Он слышал, как мама недавно говорила по телефону: «Но ты же обещал, Ник. Нет, мы уже не можем откладывать… У Вэла глаза смыкаются после долгого дня, и Сэмюелу скоро уже домой. Да, ты уж постарайся. Он ждет тебя сегодня. И я тоже».

Она улыбается, возвращаясь к кухонному столу, но Вэл вместе с тем, четырехлетним Вэлом, ощущает, как напряжена мать. У нее слишком широкая улыбка, а глаза покраснели.

— Ты бы открыл пару своих подарков, пока мы ждем папу, — говорит его мать.

— О, прекрасная мысль, — говорит бабушка Сэмюела. Странно видеть, как старушка возбужденно хлопает в ладоши, словно маленькая девочка.

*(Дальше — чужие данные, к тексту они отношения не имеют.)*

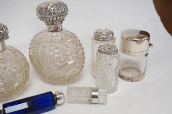 Two late Victorian silver mounted cut glass scent bottles, with stoppers, including London, 1897, together with three other scent bottles including two silver mounted, a silver mounted glass salts bottle and three silver mounted toilet jars.
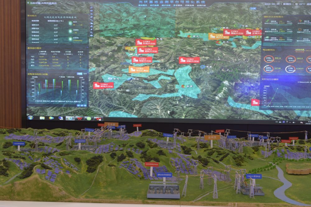 5月29日,記者拍攝的大同光伏發(fā)電監(jiān)測服務(wù)中心的可視化系統(tǒng)。(新華社記者劉力航 攝)
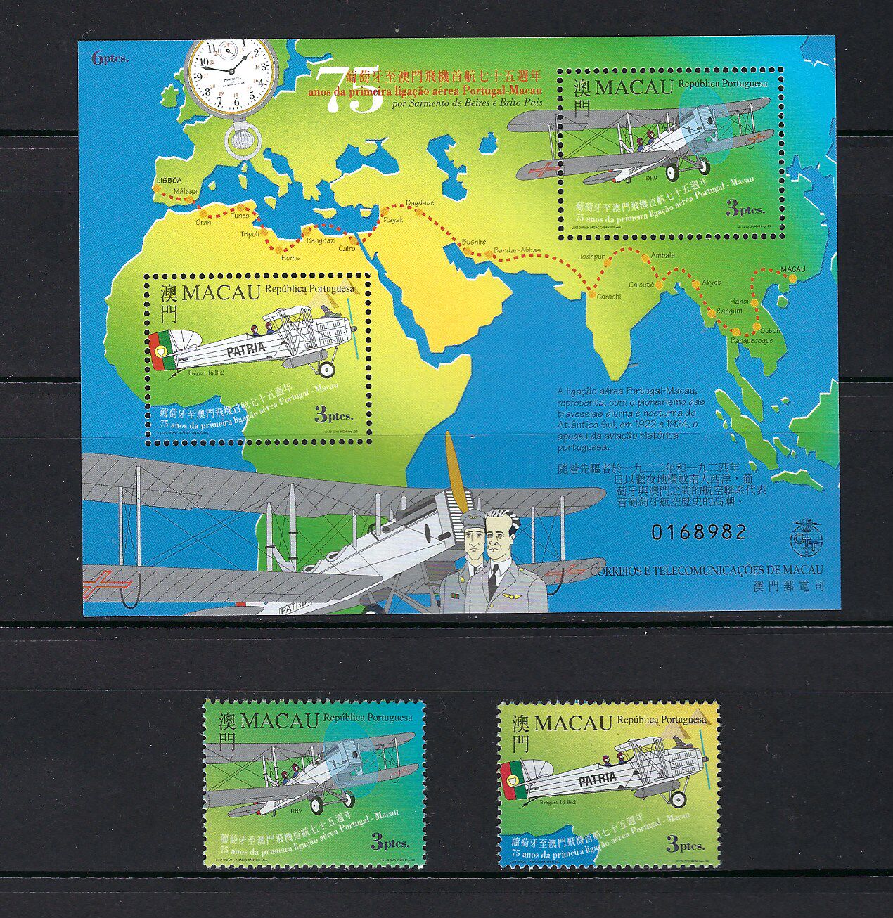 澳門 1999年 大事記 - 里斯本至澳門飛機首航 郵票 + 小全張

Вэл смотрит, как его пухленькие пальчики разворачивают подарки. Игрушечная лодочка от Сэмюела — хотя его дружок удивлен тем, что обнаружилось под оберткой, не меньше Вэла. Книжка-раскладушка с небоскребом от матери Сэмюела. Большую часть слов в ней маленький Вэл не может прочесть, но шестнадцатилетний Вэл, смотрящий глазами маленького Вэла, может.

— Давай есть торт. Когда задуешь свечки, развернешь подарок от папы и мамы, — говорит мама.

Глаза у ребят расширяются, когда бабушка Сэмюела выключает кухонный свет. Жалюзи лишь слегка приоткрыты, но в комнату просачивается достаточно сентябрьского вечернего света, чтобы не было совсем уж страшно. И все же Вэл чувствует, как сердце четырехлетнего Вэла стучит от возбуждения и предвкушения.

— С днем рожденья тебя, с днем рожденья тебя… — поют его мама и бабушка Сэмюела. Свечи горят волшебным светом.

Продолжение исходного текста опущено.